@JohnStrong thank you so much for putting these two here and also asking the question. The Balboa speech is a classic, it's about resilience and grit (two very different things) more than anything else. I sort of skimmed the Mind Pump video and it is OK-ish but ... there is also a certain amount of muddled thinking in it not least discounting motivation as a feeling which therefore should not be examined.
Neuroscience has given us, over the last five-ten years, a very good idea of why we do some things or fail to do them. We know, for instance, that motivation is a specific emotion that arises when the discomfort we feel in one particular physical and mental state reaches a threshold level that is, to some extent, unique to each individual. We are then moved, virtually against our own conscious volition, to take action. For instance, a person who has had a life-threatening health scare is highly motivated to stay healthy and watches their nutrition and never misses their training. Their motivation over time will change, particularly as they get fitter and feel healthier but, at that point, sustainability is maintained by other neurochemical processes involving serotonin and dopamine which affect mood and are linked to the brain's reward system.
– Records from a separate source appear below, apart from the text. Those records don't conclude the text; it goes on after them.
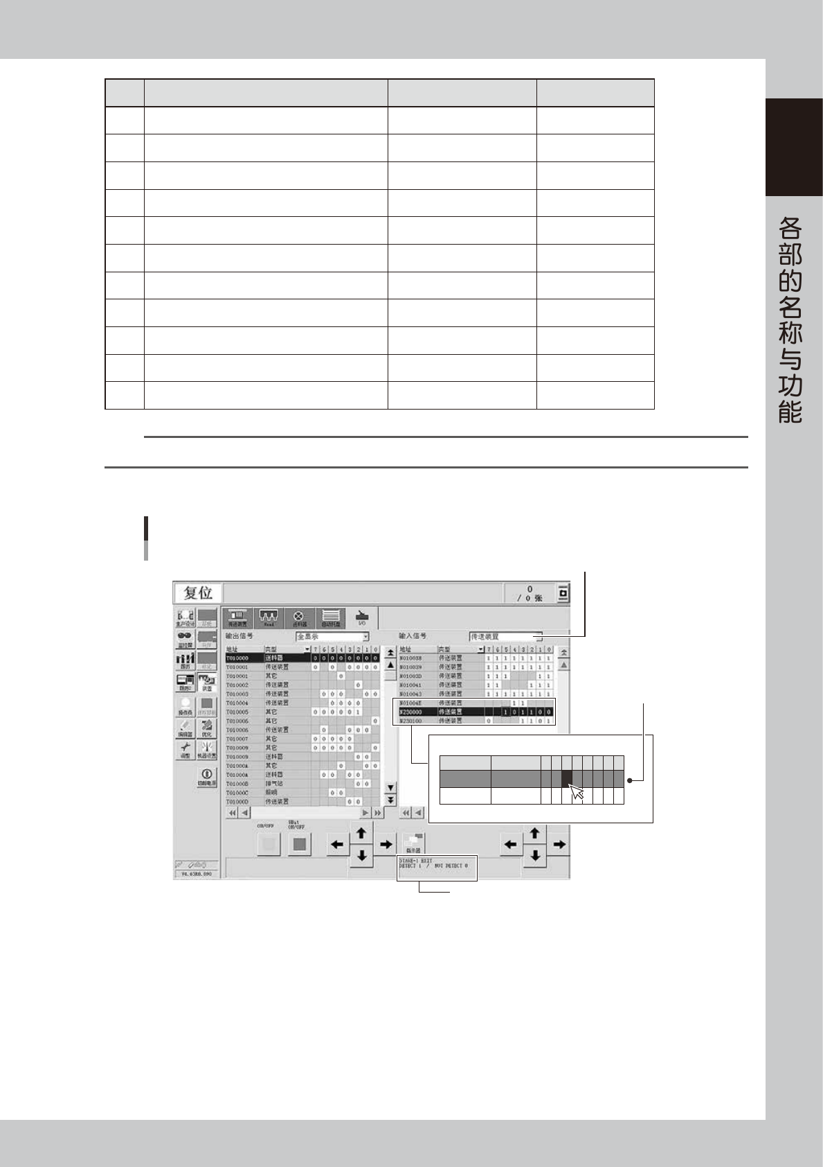 传送部的传感器状态可以在 [ 装置 ] -“I/O”画面确认。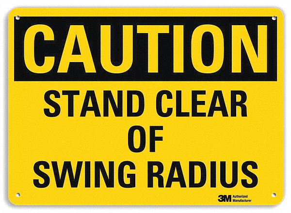 Caution Sign, Horizontal Rectangle, Number of Printed Sides 1, English, Sign Format Traditional OSHA, Sign Legend Stand Clear Of Swing Radius, Sign Legend Background Color Yellow, Sign Legend Style Text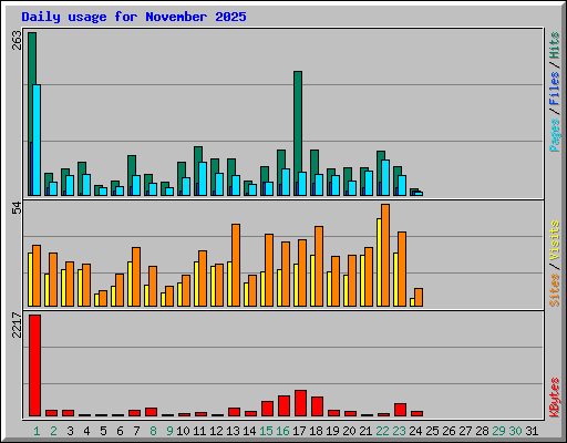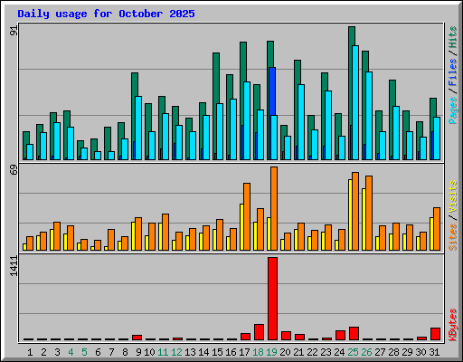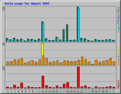 | Day | Hits | Files | Pages | Visits | Sites | KBytes | ||||||
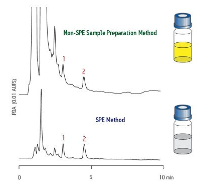 圖5給出了另一個(gè)示例??可系淖V圖表明化合物#1和#2均受到樣品基質(zhì)引起的明顯干擾??肯碌淖V圖表明使用SPE進(jìn)行適當(dāng)樣品制備后可顯著提高結(jié)果質(zhì)量(基線干凈)。請(qǐng)注意,一條明顯更干凈的基線可提高分析結(jié)果的準(zhǔn)確度。如果該樣品需要對(duì)化合物進(jìn)行分離和純化,那么也可以獲得一種純度明顯更高的萃取物。
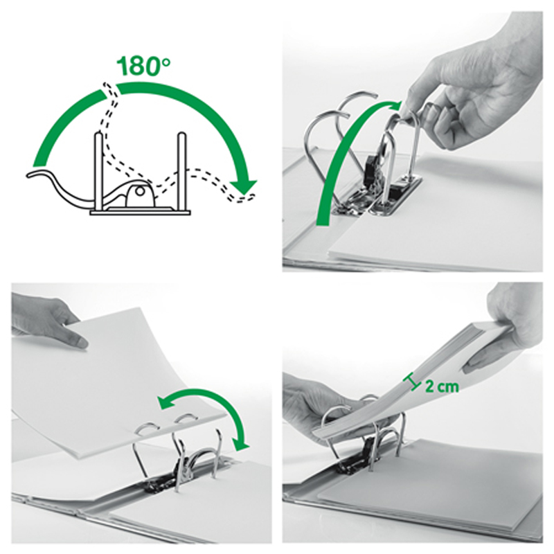 Уникальный запатентованный механизм с раскрытием рычага на 180°: раскрытие на 50% шире, заполнение на 20% быстрее<br/>— Высокопрочное полипропиленовое покрытие и оклейка ламинированной бумагой изнутри для продления срока службы<br/>— Отверстие-захват, прорези на лицевой обложке и металлическая окантовка уголков для безопасного хранения и удобства в обращении<br/>— Карман на корешке позволяет заменять этикетки, что делает маркировку более удобной<br/>— Вместимость: 600 листов A4 (80 г/м²)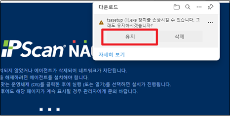 기타 메인으로 이동 기타 학교소개 입학안내 대학 대학원 학사안내 대학생활 동아광장 개교80주년 닫기 기타 기타 Agent 미설치 단말 SNS 목록열기 FACEBOOK 공유하기 TWITTER 공유하기 BLOG 공유하기 KAKAO STORY 공유하기 SNS 목록닫기 인쇄 url 복사 NAC 에이전트 미설치 단말1웹 브라우저 사용 시 아래 페이지로 이동되며 Agent Setup 파일을 다운로드2다운로드 중 아래와 같은 경고가 발생할 수 있으나 ‘계속’ 혹은 ‘유지’ 선택3다운로드 된 파일을 설치할 때 아래와 같은 메시지는 ‘실행’ 선택4설치할 때 아래와 같은 메시지는 ‘예’ 선택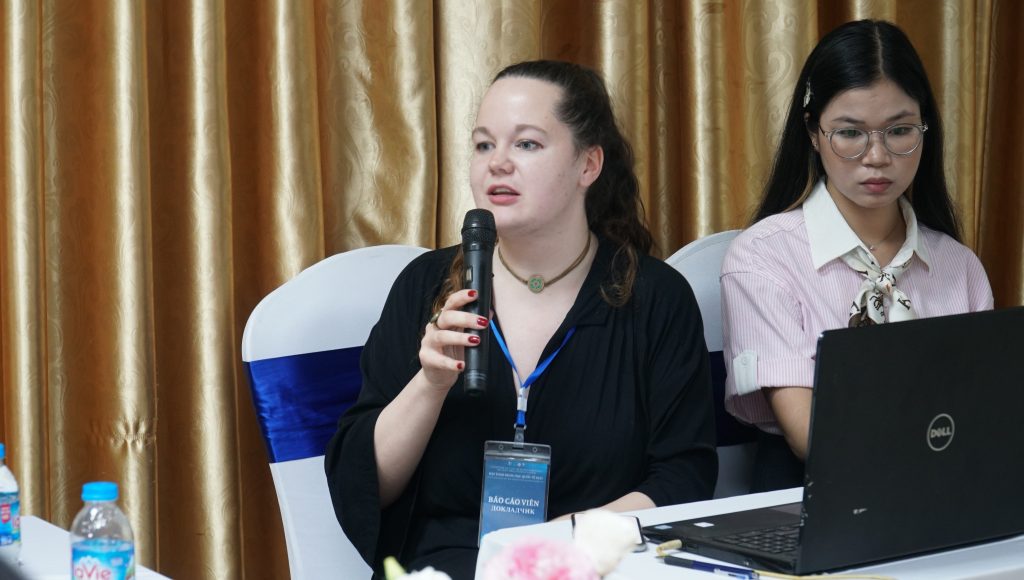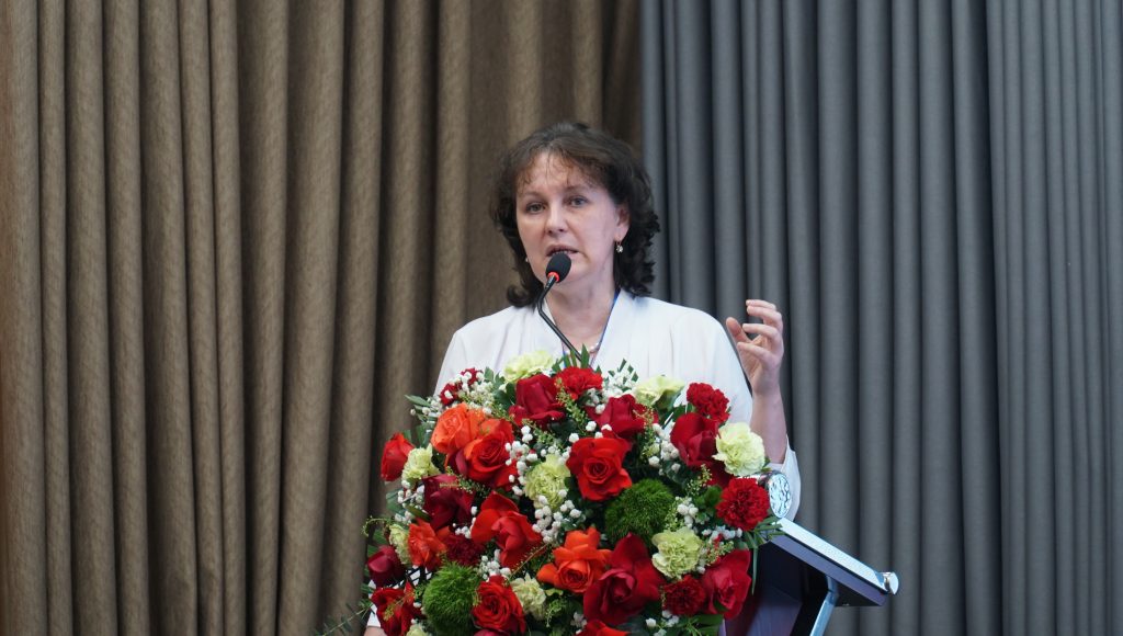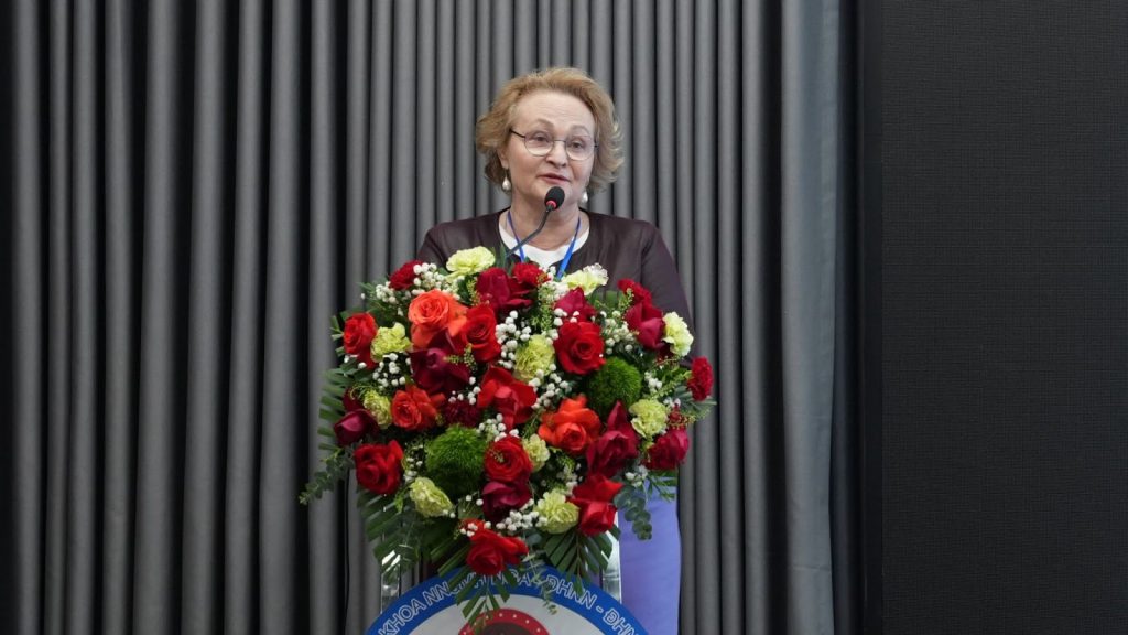 Khép lại phiên toàn thể là báo cáo chung của ba diễn giả: PGS. TSKH Boguslavskaya Vera Vasilevna và TS. Ratnikova Albertina Germanovna cùng đến từ Viện Tiếng Nga quốc gia mang tên A.S. Pushkin, phối hợp với TS. Khuông Thị Thu Trang – giảng viên Trường Đại học Ngoại ngữ, ĐHQGHN. Bài tham luận “Thế giới quan ngôn ngữ Nga và Việt Nam trong các bài nhận xét, đánh giá trên Internet: nghiên cứu đối chiếu” tập trung chủ yếu về sự giao thoa giữa hai ngôn ngữ trong môi trường trực tuyến, qua các nền tảng mạng xã hội, báo chí điện tử và các diễn đàn ngôn ngữ học. Nhóm tác giả đã phân tích hàng nghìn mẫu ngôn ngữ được người trẻ Việt Nam và Nga sử dụng trong không gian số, chỉ ra sự biến đổi đáng chú ý trong cách tư duy, biểu đạt và tiếp nhận văn hóa qua ngôn từ. Tham luận đã mang lại một cái nhìn hiện đại và năng động về Nga học, khi ngôn ngữ không còn giới hạn trong giảng đường mà đã bước chân vào thế giới số – nơi giao thoa, sáng tạo và hội nhập diễn ra từng ngày.

Their entire identity and behavior will be so linked to training and being fit and healthy that not doing what they have to do will result in them feeling disgruntled and 'off' which, in turn, will lead to that internal sense of discomfort that brings about the motivation we feel to do things.
So, to get to your question of "How do you get back on your horse?" - to begin with you need to have an understanding of why you 'fell off it'. What made you stop? What keeps you from maintaining a fitness routine day after day? When you identify the obstacles and remove them, the task itself becomes easier. When you have identified your reasons for wanting to be fit and healthy and clearly felt their imperative, then your motivation to do so is back.
This video, short as it is, helps a little:
The thing to remember is that 'discipline' can't be consistently hard. That way we fail. So what we do has to be made as easy as possible to do. Then the excuses for not doing it become harder to swallow.
I am not sure how much all this helps and it probably raises quite a few questions so don't hesitate to ask me anything you feel needs greater clarification.